A Casa Branca: “A causa de Harvard é sem mérito”
O porta -voz da Casa Branca, Abigail Jackson, definiu “desprovido de mérito” da causa apresentada hoje por Harvard para bloquear a revogação da admissão de estudantes estrangeiros.
“Se apenas em Harvard, ele importou igualmente para acabar com o flagelo de agitadores antiamericanos, anti-semitas e pró-terristas presentes em seu campus, ele não estaria nessa situação”, disse Jackson segundo o qual “Harvard deveria levar seu tempo e recursos para criar um ambiente universitário seguro, em vez de pretender as causas de mérito”.
China: “A educação política dos EUA com o anúncio sobre Harvard”
A China condena a decisão do presidente dos EUA, Donald Trump, sob o pedido de estudantes estrangeiros da Universidade de Havard, chamou um movimento de “para a politização da educação”. É o comentário do porta -voz do Ministério das Relações Exteriores de Mao Ning, expresso no briefing diário.
Alemanha: “A decisão de Trump em Harvard é desastrosa, o Revochi”
A decisão do governo dos Estados Unidos de não aceitar mais estudantes estrangeiros em Harvard “infelizmente, infelizmente”, “não é um sinal positivo ou para as gerações mais jovens nem para o mundo livre. E espero sinceramente que o governo dos Estados Unidos cancele essa decisão porque é realmente desastrosa”. O Ministro Alemão de Pesquisa, Tecnologia e Espaço, Dorothee Bar, em Bruxelas para o Conselho de Competitividade, dedicado à pesquisa e espaço, disse isso.
“Como a disputa sobre os deveres, ninguém é necessário, há perdedores de ambos os lados – barra adicionada – é por isso que foi realmente uma decisão, realmente errada e espero tanto que mude”.
O ministro disse então que estava “muito preocupado” com o que está acontecendo nos Estados Unidos agora “se você olhar as notícias e também os professores que tivemos na Alemanha hoje em dia, vindo dos EUA, contaram histórias que são tudo menos agradáveis”.
Bernini: “As universidades são espaços de liberdade, estamos abertos no mundo”
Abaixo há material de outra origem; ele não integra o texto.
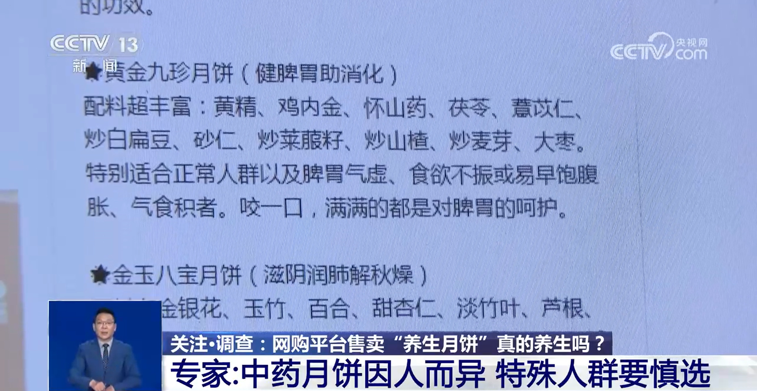 專(zhuān)家指出,網(wǎng)絡(luò )上銷(xiāo)售的部分藥膳月餅宣傳的實(shí)際效果值得商榷。
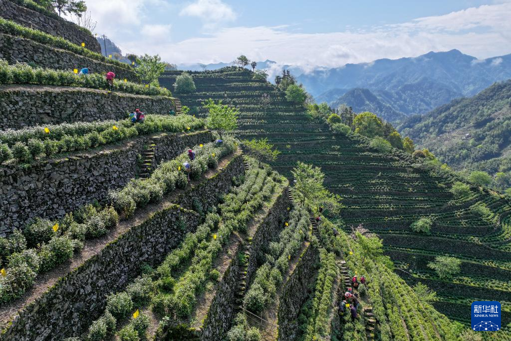 4月10日,茶农在浙江省湖州市德清县莫干山镇北湖村生态茶园采摘春茶(无人机照片)。

“No que diz respeito a nós, as universidades sempre foram e serão espaços de liberdade e cosmopolitismo onde o confronto e a alimentação crítica do espírito. Em essência, é onde é construído e alimenta essa cultura democrática que sempre foi uma característica distinta do Ocidente”. Assim, o ministro da Universidade Anna Maria Bernini no caso de Harvard no Huffington Post em um intervalo do Conselho Europeu de Pesquisa.
“Este governo fortaleceu a autonomia das universidades italianas, mudando as regras sobre o recrutamento de professores, protegeu o direito à dissidência, com a única discriminação da violência, nunca proibindo eventos, mesmo em momentos de tensão muito forte e aumentou o financiamento de até 9,4 bilhões de euros, um nível nunca alcançado antes.